Instructions to follow
Pictures aside, reproduce exactly and only the lines from the one containing "二级市场方面,本周港股整体震" through the end of the records.

Material shown
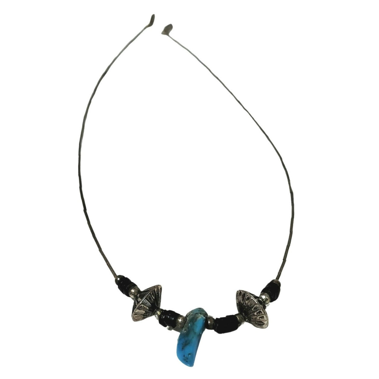 1970s Sterling Silver Liquid Beads Uncut Turquoise Stone Statement Boho Necklace
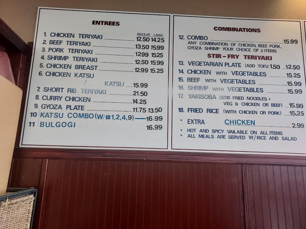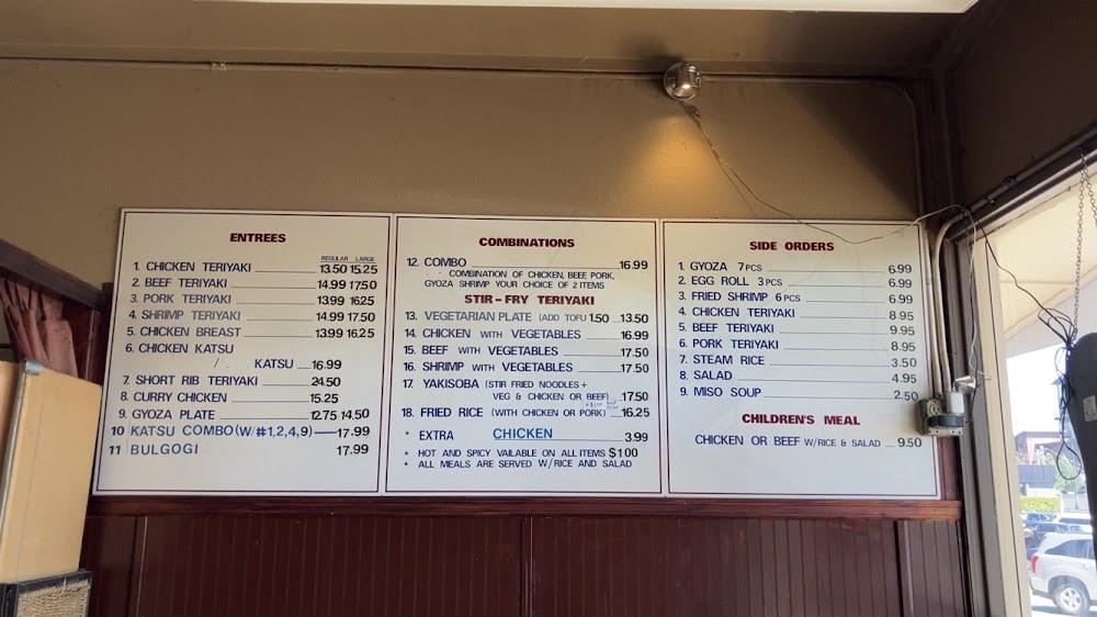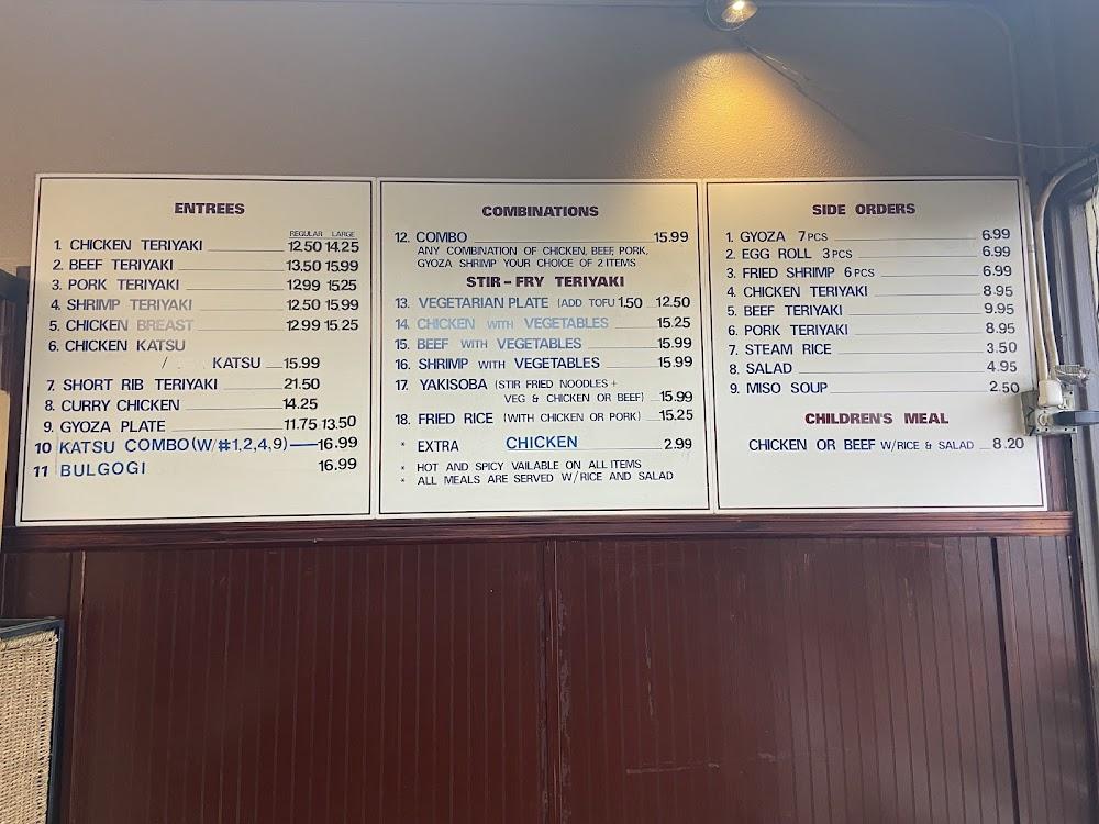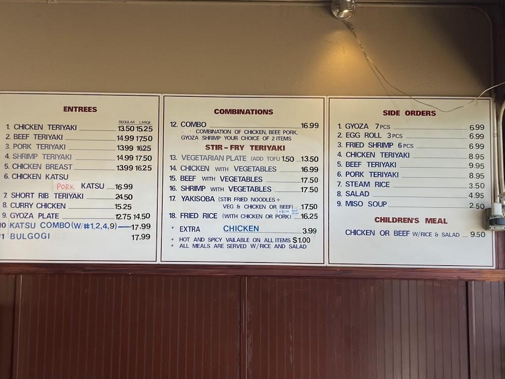 The menu at Ichiban Teriyaki features twelve main dishes. Teriyaki items take the lead, with chicken, pork, and tofu options available. Each teriyaki dish showcases a distinctive sauce that balances flavors well. Guests enjoy a choice between steam rice and salads as side dishes.
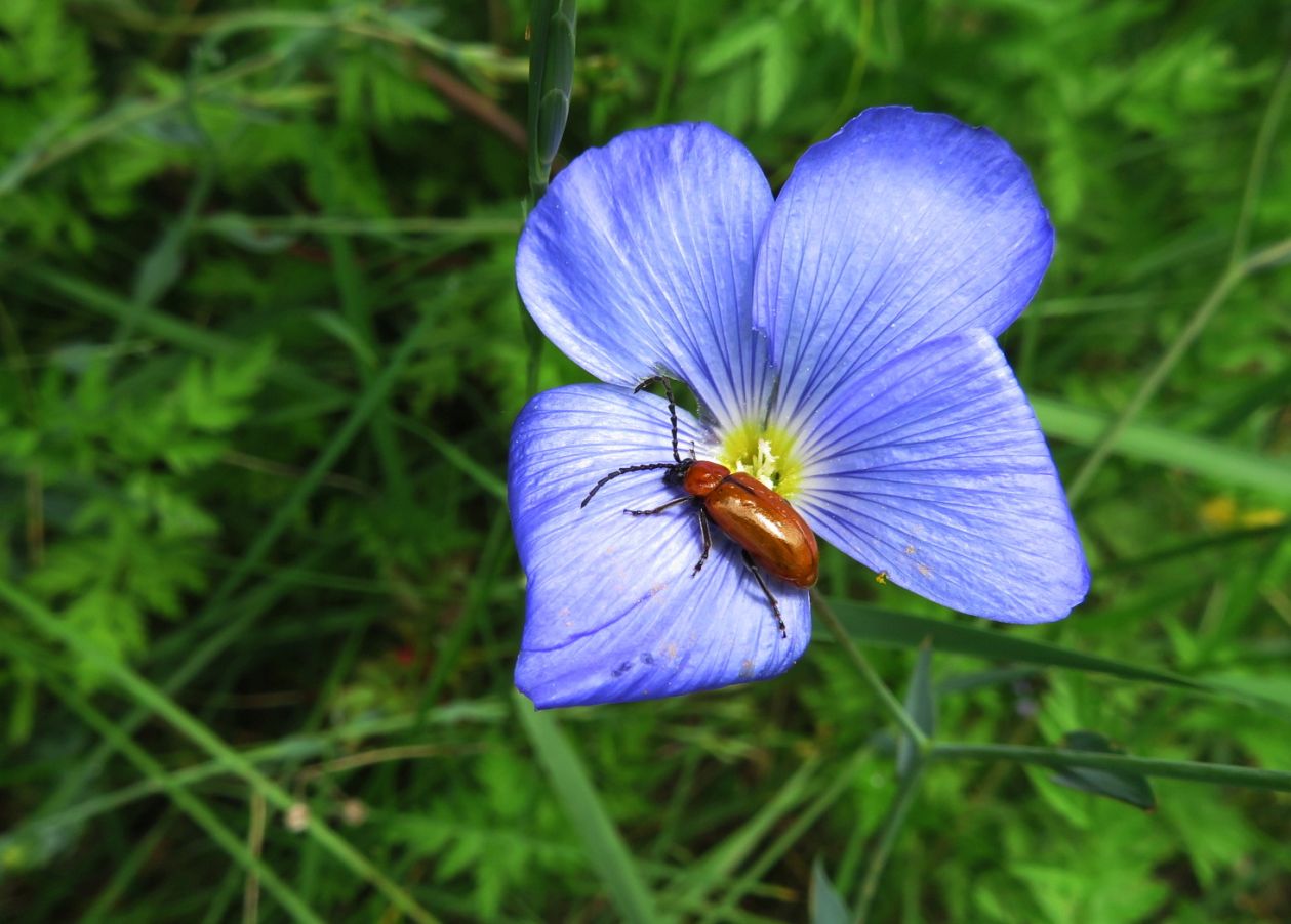 Peña La Isa (664 m) : Exosoma lusitanicum, un coleóptero muy común en nuestros montes, sobre lino azul
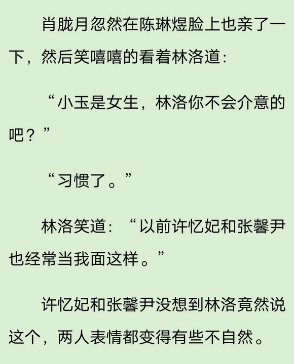 : 1、陈琳煜亲了肖胧月的脸,肖胧月回亲了陈琳煜2、张馨尹和许忆妃经常相互亲脸,而且还是当着男主面
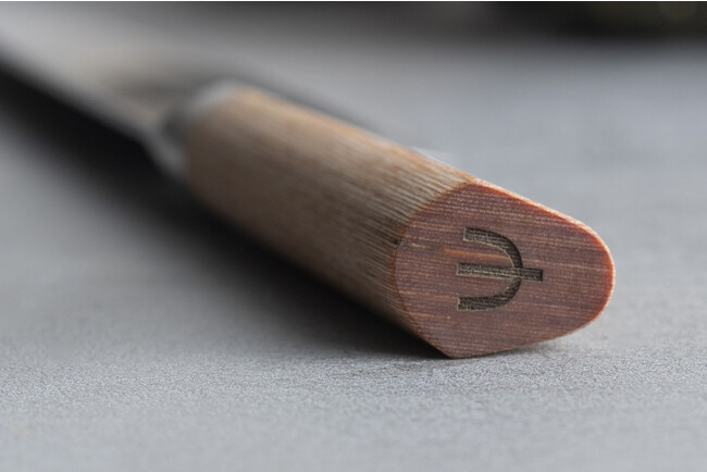 和包丁で使用される栗型形状を進化させました。左右対称なので左右どちらが利き手でも使いやすいデザインです。特許構造と職人による加工技術が合わさり実現した、ヤクセル独自のハンドルです。水に強く、汚れがつきにくい積層強化木を採用。口金には錆びに強いハイグレードなステンレス素材316Lを採用。メンテナンス性にも優れています。エンド部分にロゴ入りです。
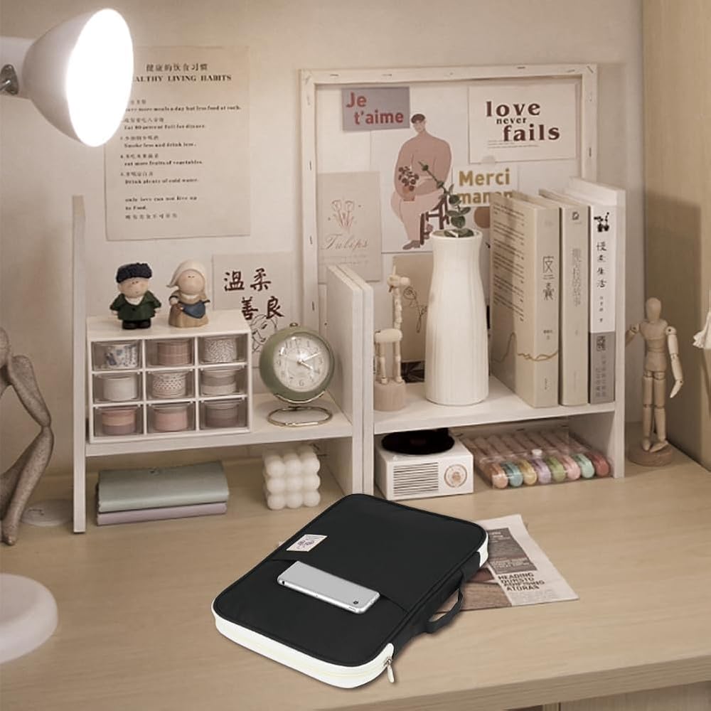Functional Portfolio Organizer Bag: Versatile configurations with the ability to hold alot without bulk or feeling overloaded. Fit for 13'' laptop, tablets, Kindle, planner, journal, papers, notebooks, pens/pencils, sticky notes,highlighters and many more.
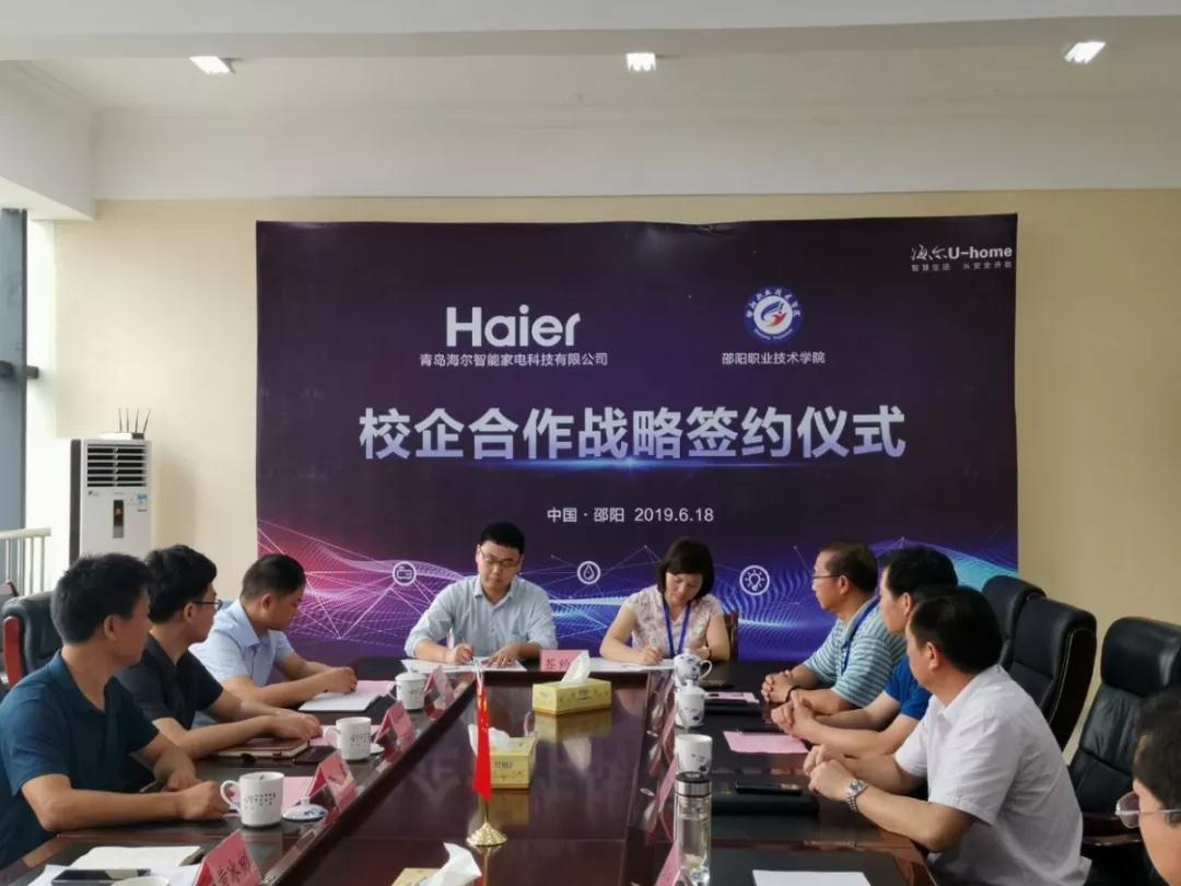 青島海爾智能家電科技有限公司智慧校園南部大區(qū)總監(jiān)黃冰彬與邵陽職業(yè)技術(shù)學(xué)院院長段雪梅共同簽署了《校企合作協(xié)議》,簽約儀式在掌聲中圓滿結(jié)束。
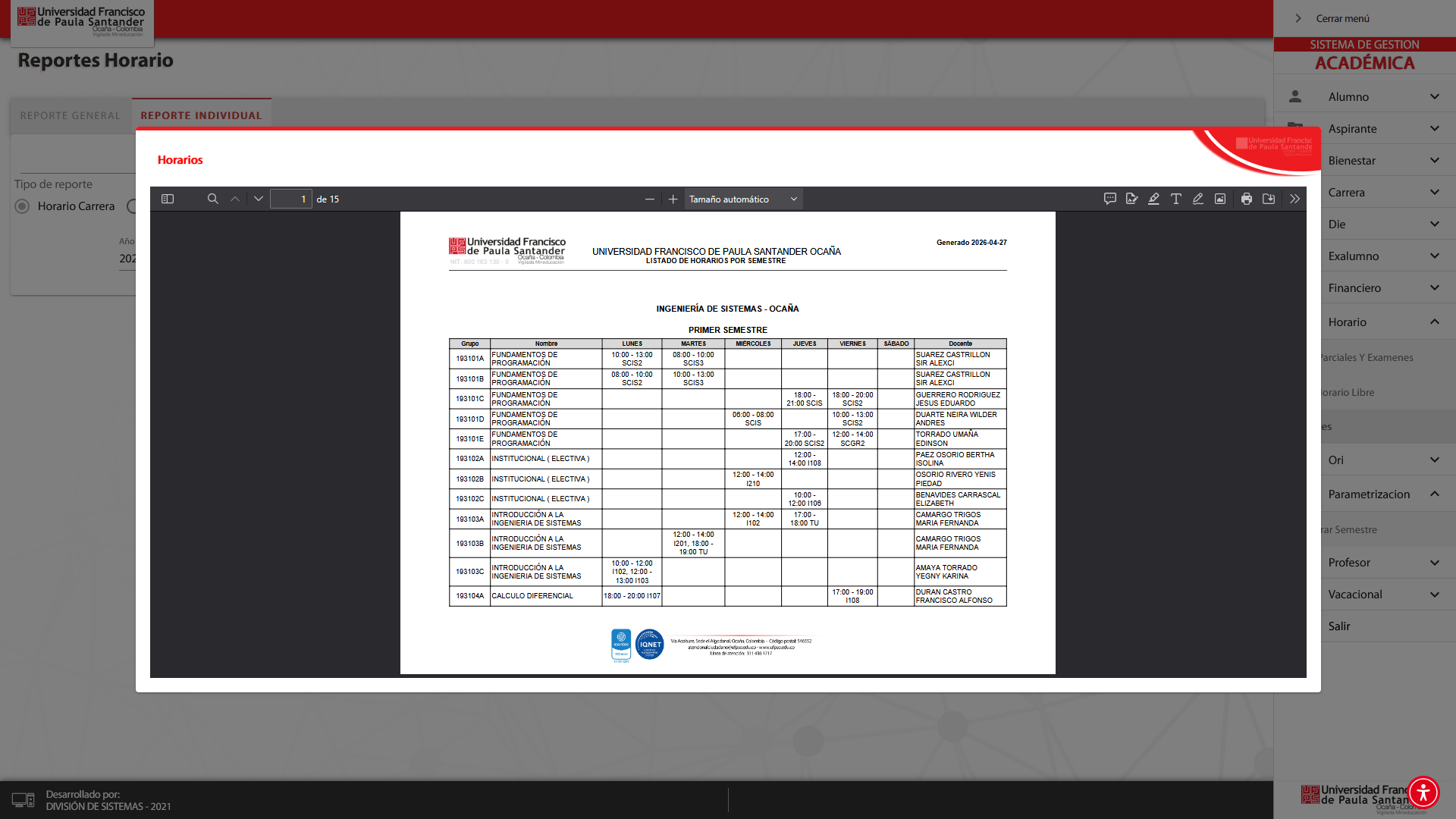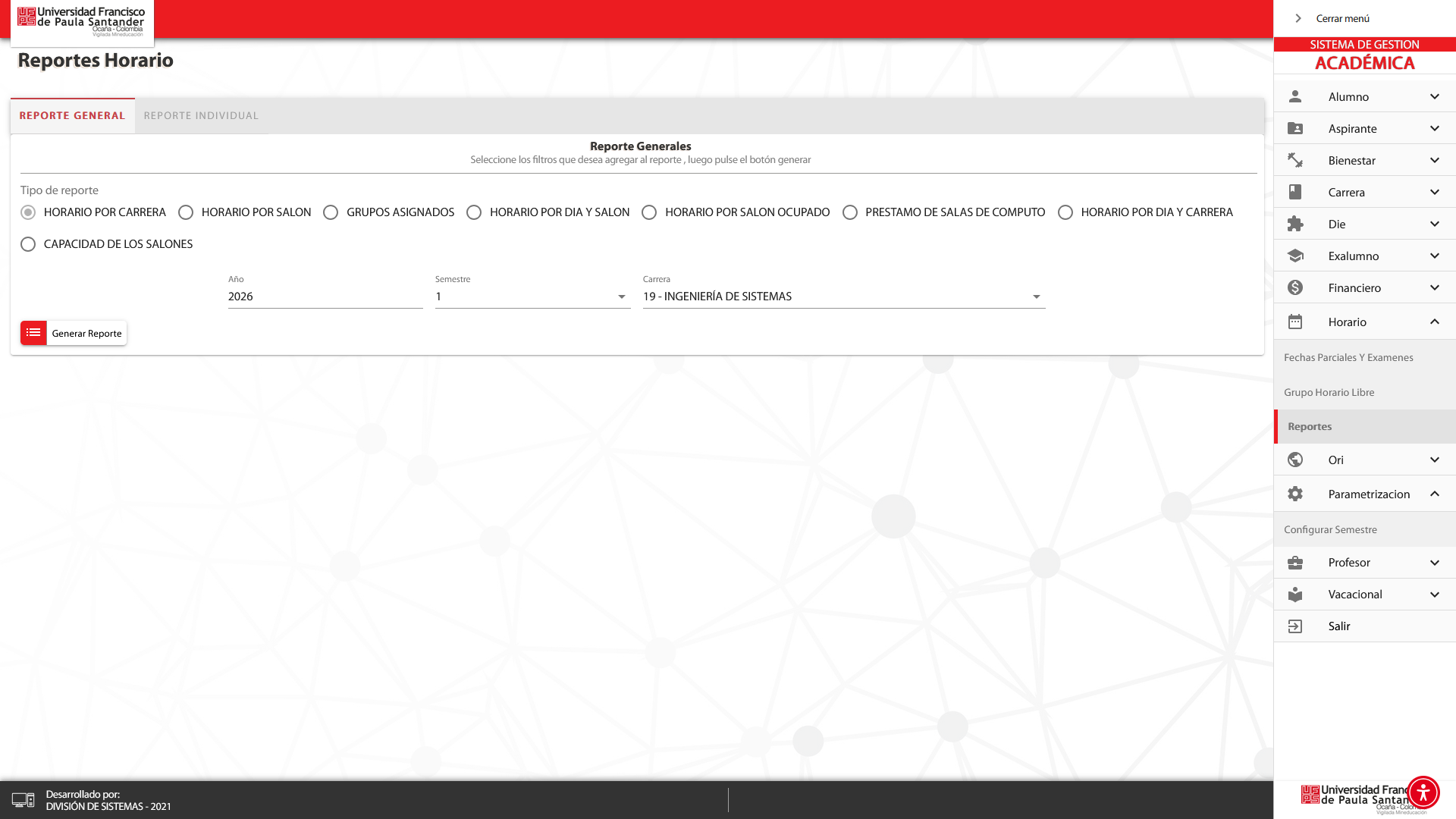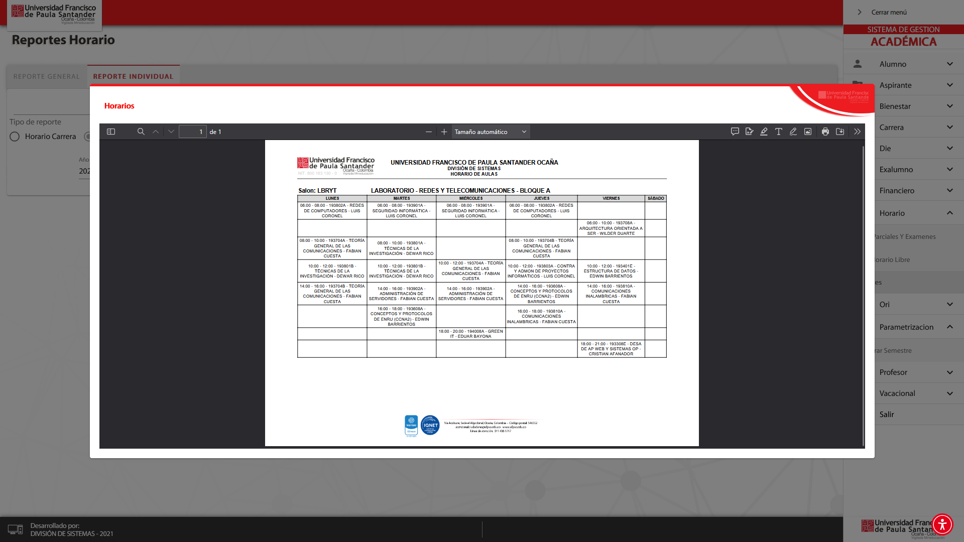 En esta sección es posible generar dos tipos de reportes de horarios: por carrera o por salón. Al generar cualquiera de estos reportes, el sistema abrirá una ventana emergente donde se visualizará el archivo en formato PDF.
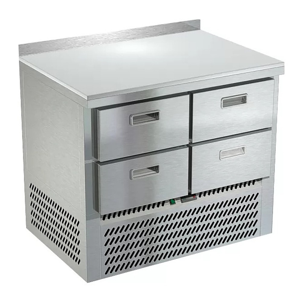 Холодильный стол Техно-ТТ СПН/О-623/04-1006 предназначен для обработки, охлаждения и кратковременного хранения продуктов и напитков на предприятиях общественного питания и торговли. Модель оснащена бортом, компрессором (Испания), каждая секция - направляющими и сетчатой полкой, двери и ящики - доводчиками. Корпус выполнен из нержавеющей стали марки AISI 430, столешница из полипропилена, задняя стенка и дно - из оцинкованной стали.
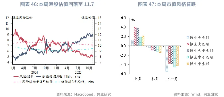 二级市场方面,本周港股整体震荡回调,主要指数普遍下跌,恒生指数、恒生科技指数与恒生高股息指数分别下跌1.0%、2.5%和0.3%。主要受乐观预期基本兑现与外部流动性压力再现的双重影响:一方面,中美元首会晤虽释放积极信号但缺乏超预期成果,部分投资者将会谈细节(如会谈时长有限、未设联合记者会等)解读为双方深层分歧仍在;另一方面,美联储主席鲍威尔释放鹰派信号,称12月未必降息,进一步压制风险资产估值,对港股科技板块形成明显压力。板块方面,防御型板块表现相对稳健,而资讯科技业领跌2.9%,反映资金在不确定性中转向守势。资金与情绪方面显现积极信号:南向资金本周净流入275亿港元,较上周显著增加,外资亦有所回流。流动性方面,港汇在靠近强方兑换保证区间窄幅波动,1个月期HIBOR小幅回落,整体环境保持温和。
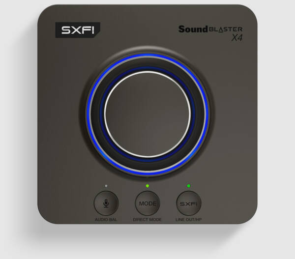 Sound Blaster X4 offre agli utenti un sistema di controlli più semplice e una manopola di rotazione dal design elegante che elevano la scheda audio se paragonata al predecessore. È inoltre dotata di pulsanti dedicati per il bilanciamento audio, la selezione della modalità audio, la modalità Super X-Fi, nonché di un altoparlante (Line-out) e uno switch delle cuffie per passare da un dispositivo all’altro.
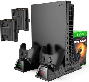 Infine, per completare la vostra postazione di accessori per Xbox, consigliamo di aggiungere anche un supporto con ventola di raffreddamento. Quella che segnaliamo qui è prodotta da Kingtop, ed è caratterizzata da una struttura in plastica ABS. Migliora l’areazione della console e consente in contemporanea di ricaricare i controller. Indica anche l’avvenuta ricarica, grazie alla presenza del led verde a forma di controller.

Solution to this task
 二级市场方面,本周港股整体震荡回调,主要指数普遍下跌,恒生指数、恒生科技指数与恒生高股息指数分别下跌1.0%、2.5%和0.3%。主要受乐观预期基本兑现与外部流动性压力再现的双重影响:一方面,中美元首会晤虽释放积极信号但缺乏超预期成果,部分投资者将会谈细节(如会谈时长有限、未设联合记者会等)解读为双方深层分歧仍在;另一方面,美联储主席鲍威尔释放鹰派信号,称12月未必降息,进一步压制风险资产估值,对港股科技板块形成明显压力。板块方面,防御型板块表现相对稳健,而资讯科技业领跌2.9%,反映资金在不确定性中转向守势。资金与情绪方面显现积极信号:南向资金本周净流入275亿港元,较上周显著增加,外资亦有所回流。流动性方面,港汇在靠近强方兑换保证区间窄幅波动,1个月期HIBOR小幅回落,整体环境保持温和。
 Sound Blaster X4 offre agli utenti un sistema di controlli più semplice e una manopola di rotazione dal design elegante che elevano la scheda audio se paragonata al predecessore. È inoltre dotata di pulsanti dedicati per il bilanciamento audio, la selezione della modalità audio, la modalità Super X-Fi, nonché di un altoparlante (Line-out) e uno switch delle cuffie per passare da un dispositivo all’altro.
 Infine, per completare la vostra postazione di accessori per Xbox, consigliamo di aggiungere anche un supporto con ventola di raffreddamento. Quella che segnaliamo qui è prodotta da Kingtop, ed è caratterizzata da una struttura in plastica ABS. Migliora l’areazione della console e consente in contemporanea di ricaricare i controller. Indica anche l’avvenuta ricarica, grazie alla presenza del led verde a forma di controller.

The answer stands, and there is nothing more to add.